One of the most valuable results of this study was the identification of the QTL qRger7.1, which explained 20.16–41.84% of the phenotypic variation. The QTL qRger7.1, derived from the resistant parent Cheng351, mapped to bin 7.02, and had about 2 Mb overlap with qRger7.2, derived from the resistant parent Dan598. The QTL qRger7.2 was located in bins 7.01–7.02, and explained 14.09–15.70% of the phenotypic variation.
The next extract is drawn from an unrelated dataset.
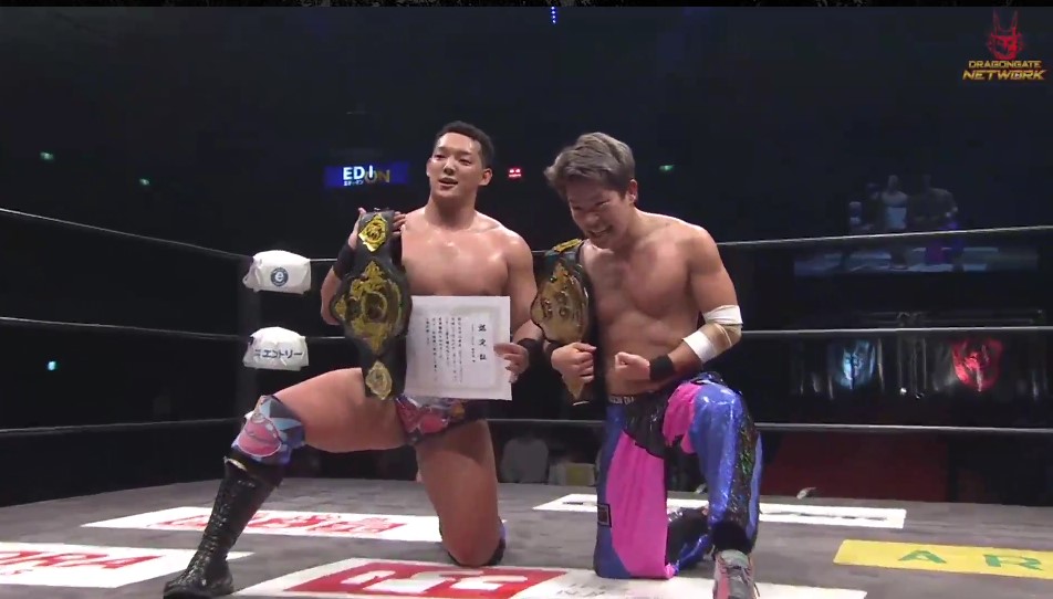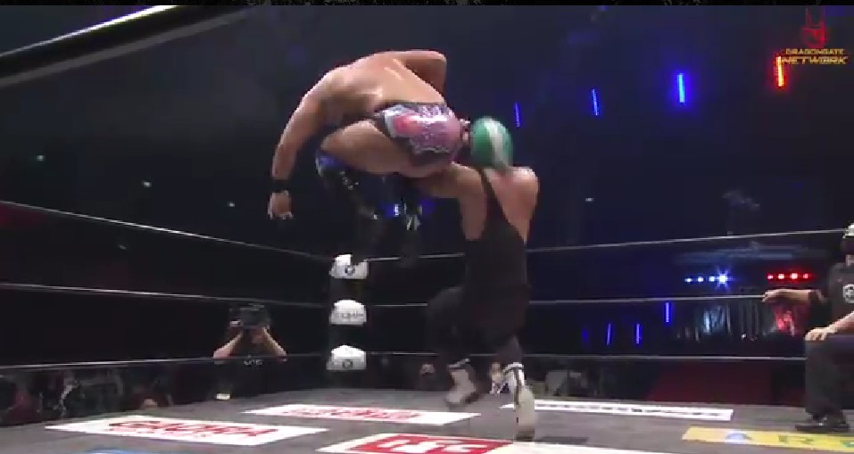 長時間捕まったダイヤは痛めている左肘を狙われるも、清水に串刺しを避けたダイヤがシザースホイップから菊田に代わり、挑戦者組の連係を菊田が尻爆弾で阻止すると、マシーンJにブレーンバスターからレッグドロップを投下すると、ダイヤがその飛びシューティングスターで続くが、清水がカットには入り王者組にワンタックルを浴びせ、挑戦者組が連係で菊田を捕らえる、ダイヤがカットに入っても、清水の無双から合体ハンマーロックネックブリーカーを決める。

The QTL qRger2.3, derived from the resistant parent JiV203, was identified in bins 2.04–2.07, and accounted for 9.97–10.39% of the phenotypic variation, and QTLs colocalization in bin 2.04 has previously been reported (Martin et al. 2011). The overlaps of the QTLs mentioned above provide some support for their authenticity.

In the past, Fusarium verticilloides has been the major pathogen that causes Fusarium ear rot. Breeders have paid the most attention to breeding for resistance to FER. For Fusarium graminearum, germplasm resources in maize with GER resistance are lacking due to limited research, a situation that has led to the widespread occurrence of GER in recent years. In order to identify more GER resistance QTLs and resistance genes, alternative approaches such as genome wide association studies, transcriptome sequencing, proteome sequencing, and metabolome sequencing could be adopted. The results of this study provide a basis for future research on the genetic improvement of resistance to GER in maize.